Passionfruit is a delicious fruit that is easy and rewarding to grow and highly productive. These evergreen vines are prolific fruiters with most fruit production in warm weather particularly from summer to early autumn. Ripe fruit may colour and fall to the ground. Over ripe fruit may develop a shriveled skin. Tasting fruit is a good way to determine ripeness.

As well as the popular black passionfruit including the self-fertile variety ‘Nellie Kelly’, which grows in all but the coldest zones, there are other types including ‘Panama Gold’, ‘Panama Red’, ‘Pandora’ and granadilla, which are best suited to warm climates. These warm climate passionfruit types may need cross pollination for fruit formation (plant two vines). Check pollination requirements with your local hardware or garden centres. Banana passionfruit, which were the favoured passionfruit for cold zones, are now considered weedy and should not be planted.

Passionfruit are usually sold as grafted potted plants. Grafting makes the vine more tolerant of poor soil and cooler climate conditions.

Plant passionfruit vines at any time (but avoid extremely hot or cold conditions). At planting time and to reduce transplant stress, water with Seasol or Seasol GOLD. Before planting improve soil by digging in well-rotted manure or compost or for a no dig option use Seasol Liquid Compost.

Train passionfruit vines against a vertical surface such as a wall or fence. Vines may need to be replaced every five years as they become less productive

Growing conditions

Aspect All passionfruit vines need a bright, sunny location with shelter from strong winds. Ideally they should have sun from the morning onwards but can tolerate a little afternoon shade especially in summer and should be protected from cold and frost.

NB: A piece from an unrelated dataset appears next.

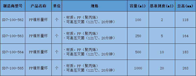 SLAMED PP锥形量杯 1000ml 基准刻度20ml SD7-100-565

Soil Passionfruit grow in a wide range of soils but grow best with good drainage in deep, fertile soils. Keep soil well mulched.

Climate Passionfruit does best in warm, frost-free climates where fruiting usually occurs within six months of planting but vines can take up to 18 months in cold temperate zones to produce fruit. Some varieties require a subtropical to tropical climate to grow well.

General care

Watering Adequate and regular watering is critical for fruit formation and development. Lack of water can lead to loss of flowers or fruit. Deep water at least weekly especially when plants are in new growth, flowering or fruiting. Water more frequently if plants are in hot, dry or exposed conditions or if they are growing in containers. If water is pooling on top of the soil or running off, then it could be hydrophobic – repelling water. Apply Seasol Super Soil Wetter & Conditioner to the soil to ensure water goes to where it is needed, the plant’s root system.

Feeding and mulching Feed every season during the growing season (in spring summer, autumn) with a complete fertiliser for fruiting plants such as Seasol plus Nutrients Fruit & Citrus. Passionfruit vines have extensive root systems so feed along the entire root area, not just at the base of the stem.

In addition apply a liquid fertiliser such as PowerFeed PRO SERIES for Fruit & Citrus every 2 to 4 weeks during the growing season for a bumper crop of tasty passionfruit. Plants in containers can be liquid fed every 2 to 4 weeks as above, while they are growing (spring to autumn).

Protect the area of soil under the vine with a 5-7cm layer of coarse organic mulch enriched with well-rotted manure, which helps keep the soil evenly moist and weed free, and keep nearby grass well mown. Avoid disturbing the roots of grafted plants as this can lead to suckering.

Pruning Passionfruit need little pruning other than managing heavy or tangled growth and removing suckers from grafted plants. The best time to prune is in early spring. Vines may also need light pruning in summer to allow more air and light into the vine to assist ripening.

Watch out The main pests of passionfruit vines are passionfruit leaf hoppers (also known as fluffy bums), rats and possums. Cold conditions can stop fruit ripening especially in autumn. A lack of pollinators during flowering may slow fruit formation. In this situation, hand-pollinate flowers (transfer pollen to a receptive stigma with a paintbrush or cotton bud). Woodiness of passionfruit is a virus disease that causes woody fruit – remove affected vines.